▶ _What the exercise asks_:
Extract only the lines from the start of the entries below to the line with "Wolfgang Sréter (2.", inclusive; omit every picture.

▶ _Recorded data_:
━━━━━━

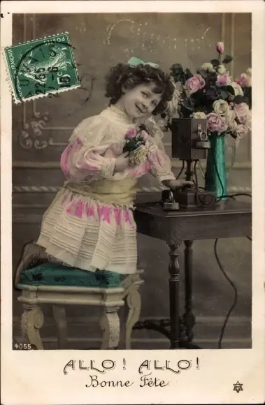 Ak Allo, Allo! Bonne Fete, Mädchen am Telefon, Blumenvase
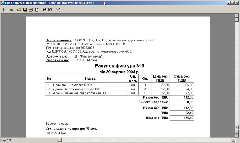 Щоб надрукувати рахунок-фактуру, натисніть на кнопці .
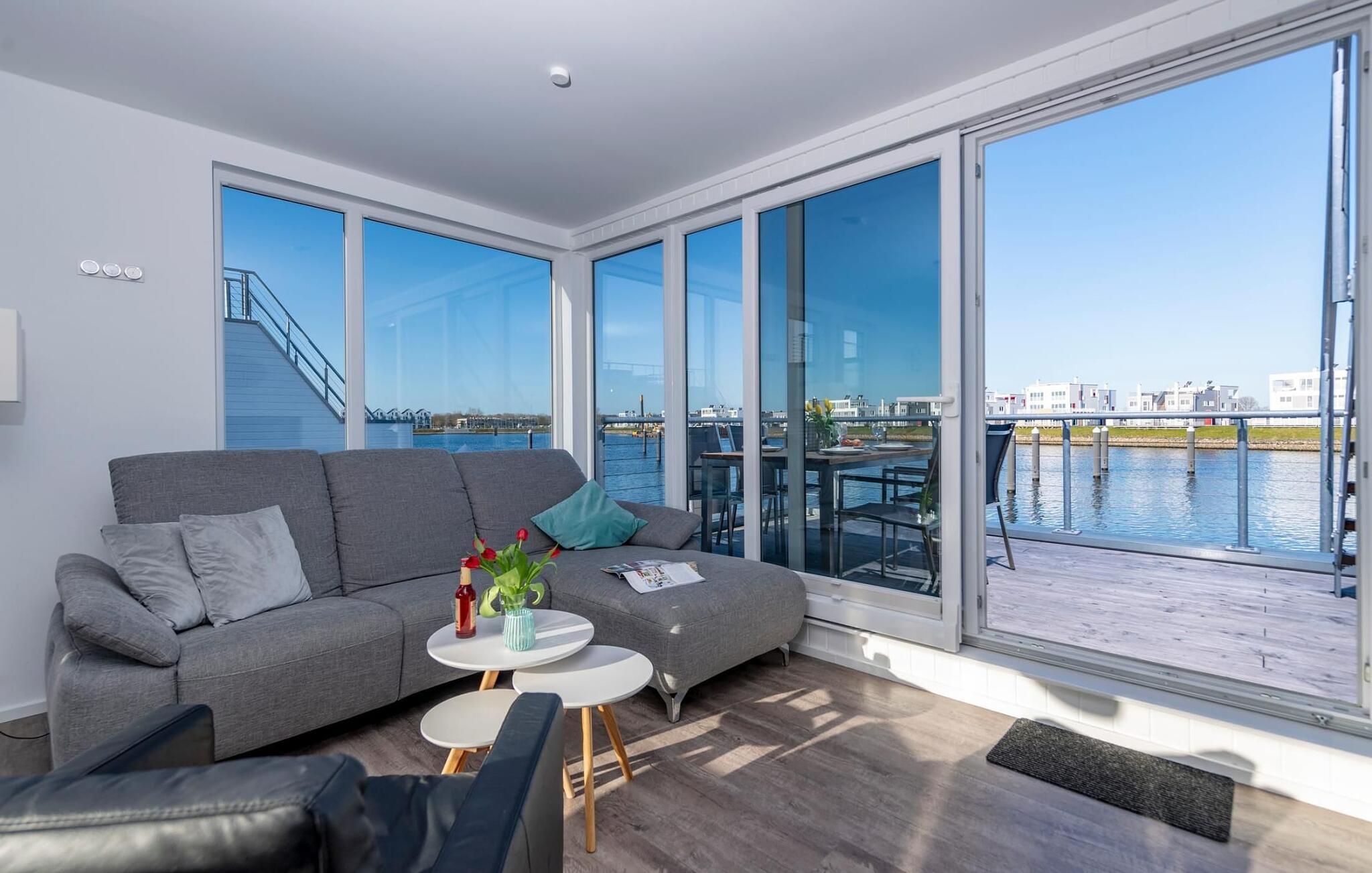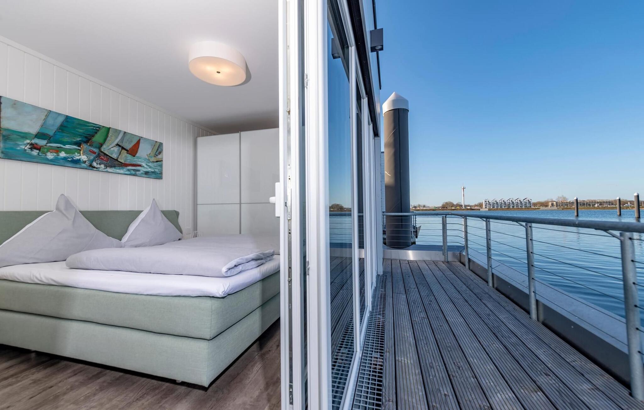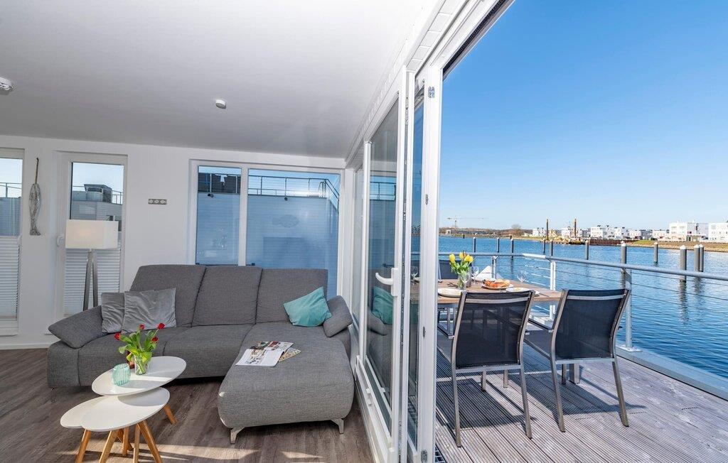 Erleben Sie Luxus und Meerblick im einzigartigen schwimmenden Ferienhaus Jule am OstseeResort Olpenitz.
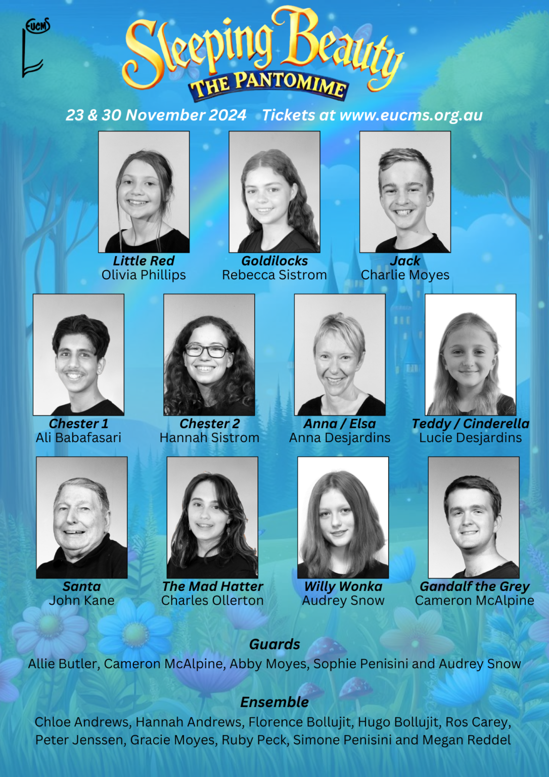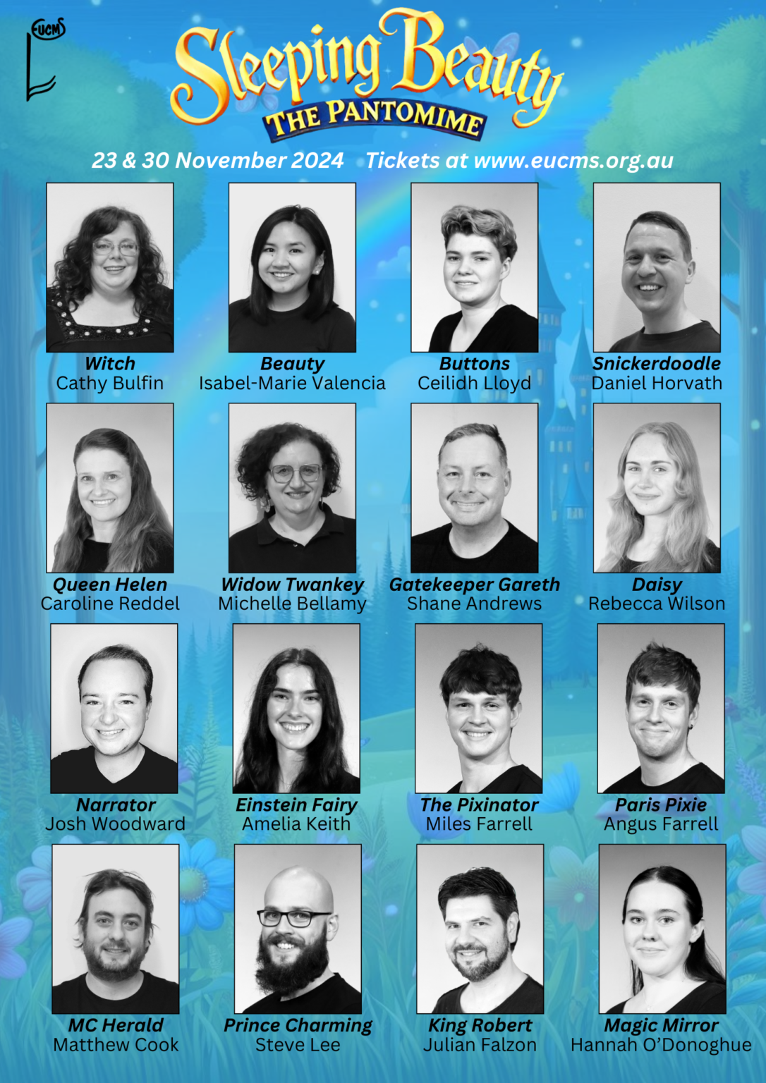 The Classic Tale of Sleeping Beauty mixed with the madness of Pantomime! In this story the Witch isn’t invited to a party, so she curses the Princess to fall into eternal sleep. The Fairies, Prince Charming and the Palace Gardener have to rescue the Princess before it is too late. Mix this with modern songs, audience interaction and hilarious jokes and you’ve got yourself Sleeping Beauty the Pantomime! This show is a new work, specifically written for EUCMS in 2024, so the characters, scenes and plot are all totally original, never before staged.
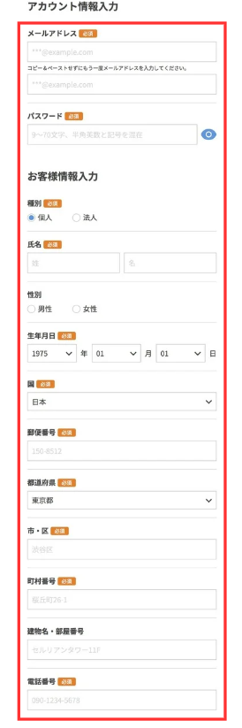 アカウント開設・契約に必要な個人情報を入力します。
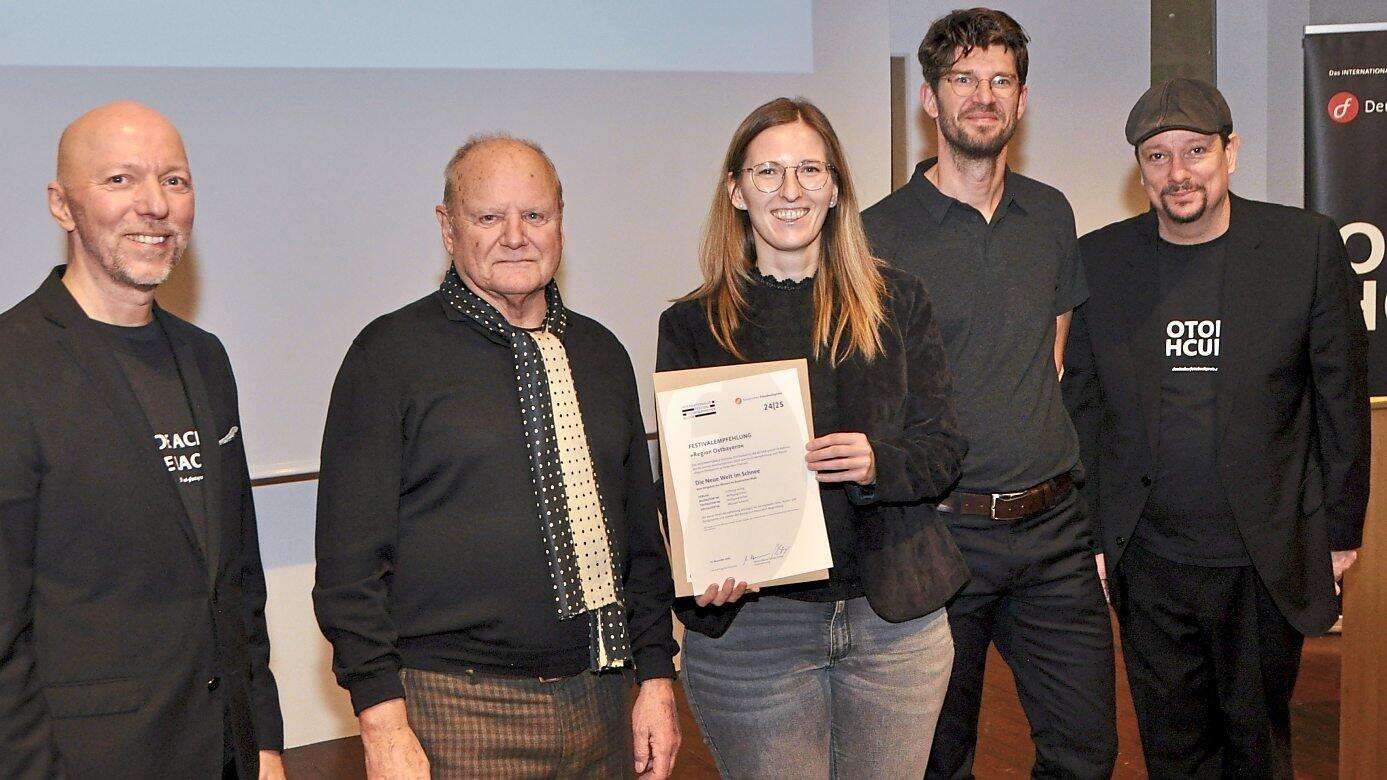 Wolfgang Sréter (2. von links mit Verlagsvertretern) ist der Fotograf der regionalen Festivalempfehlung. Hier mit den Eventorganisatoren Martin Rosner (links)und Andy Scholz (rechts).
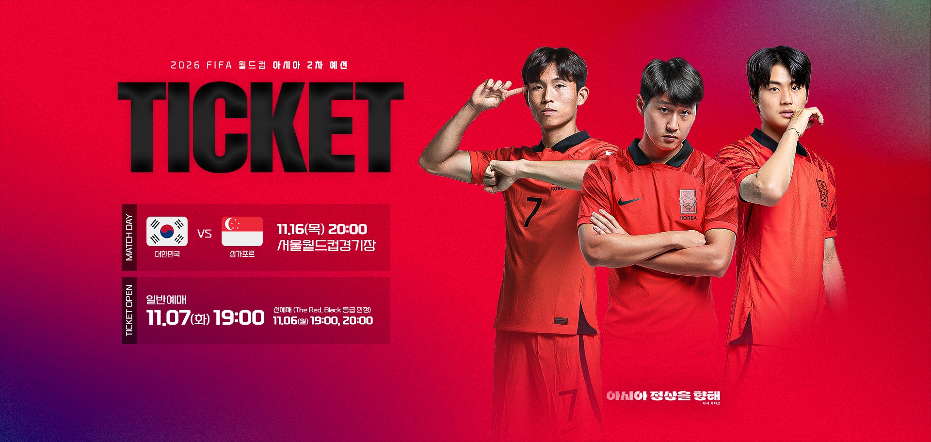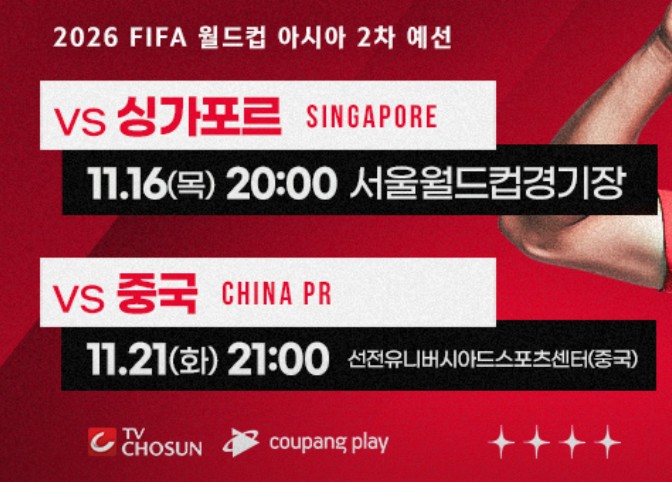 2026 FIFA 월드컵 아시아 2차 예선에서 싱가포르와의 A매치가 기다리고 있습니다. 이번 경기는 11월 16일 오후 8시 서울월드컵경기장에서 열릴 예정입니다.
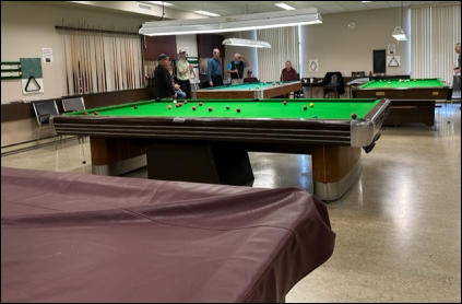 Members play billiards, snooker and any other pool game of their choosing. The
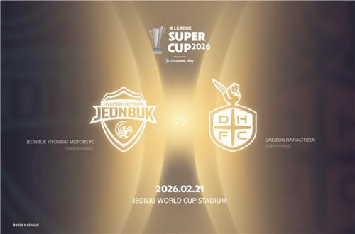 한국프로축구연맹은 '쿠팡플레이 K리그 슈퍼컵 2026'을 K리그1 개막 일주일 전인 2월 21일 오후 2시 전주월드컵경기장에서 개최한다고 19일 밝혔다.
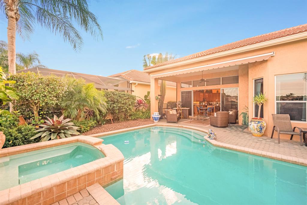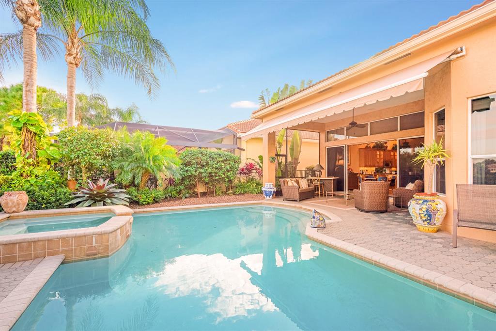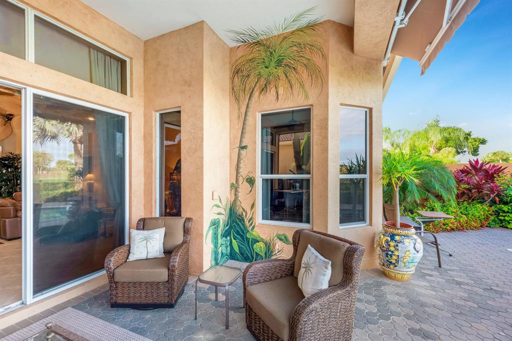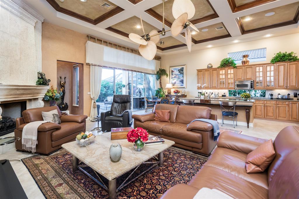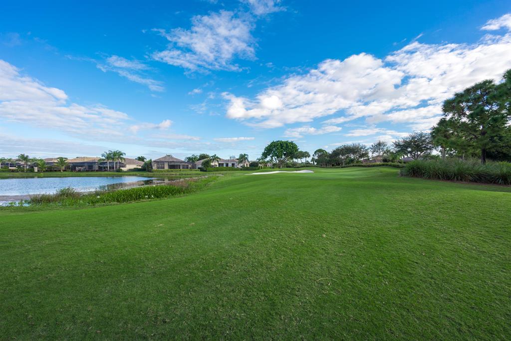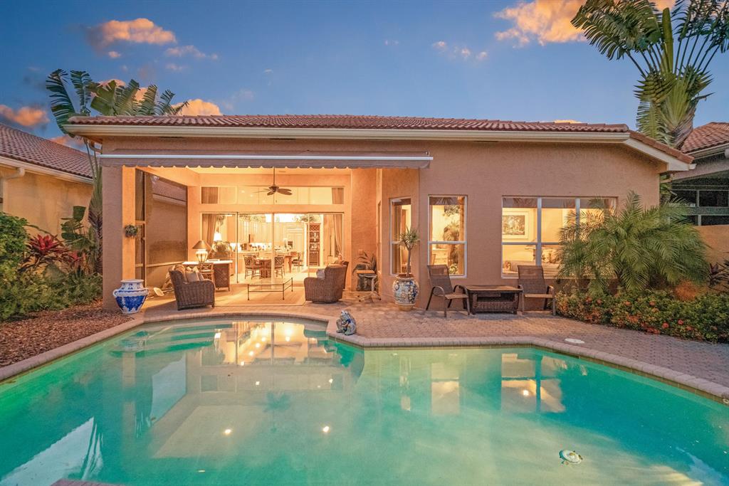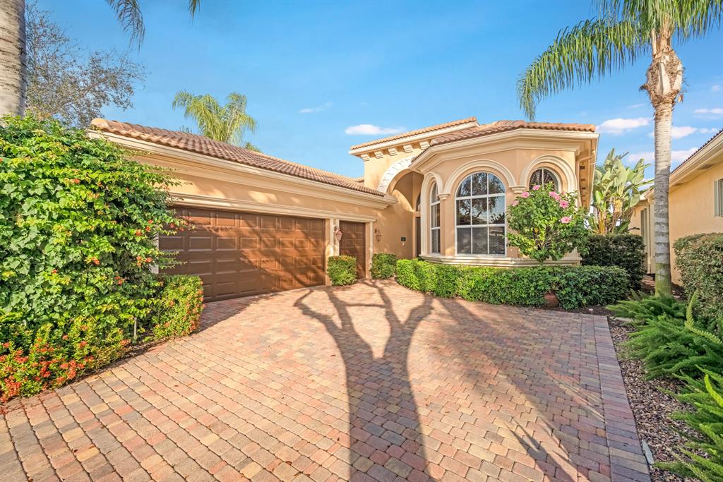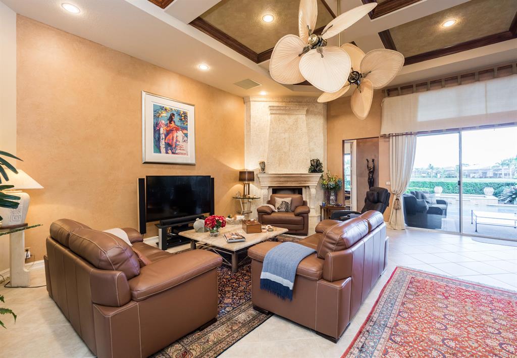 Enjoy golf and water views while living in paradise in this very special, luxurious, 3BR/3BA + Den open-plan estate home situated on the 3rd fairway of the Tradition course in the prestigious private community of The Club at Ibis. High-end features include volume coffered & tray ceilings with crown molding & recessed lighting, high-end engineered wood flooring & porcelain flooring laid on the diagonal, granite countertops, a coral fireplace, sound system throughout, stained glass, newer stainless steel appliances, and large windows and sliding glass doors. The patio is an outdoor oasis and has a covered seating area, retractable awning, a swimming pool with attached spa, and paver flooring.

━━━━━━

▶ _Result of this task_:
 Ak Allo, Allo! Bonne Fete, Mädchen am Telefon, Blumenvase
 Щоб надрукувати рахунок-фактуру, натисніть на кнопці .
 Erleben Sie Luxus und Meerblick im einzigartigen schwimmenden Ferienhaus Jule am OstseeResort Olpenitz.
 The Classic Tale of Sleeping Beauty mixed with the madness of Pantomime! In this story the Witch isn’t invited to a party, so she curses the Princess to fall into eternal sleep. The Fairies, Prince Charming and the Palace Gardener have to rescue the Princess before it is too late. Mix this with modern songs, audience interaction and hilarious jokes and you’ve got yourself Sleeping Beauty the Pantomime! This show is a new work, specifically written for EUCMS in 2024, so the characters, scenes and plot are all totally original, never before staged.
 アカウント開設・契約に必要な個人情報を入力します。
 Wolfgang Sréter (2. von links mit Verlagsvertretern) ist der Fotograf der regionalen Festivalempfehlung. Hier mit den Eventorganisatoren Martin Rosner (links)und Andy Scholz (rechts).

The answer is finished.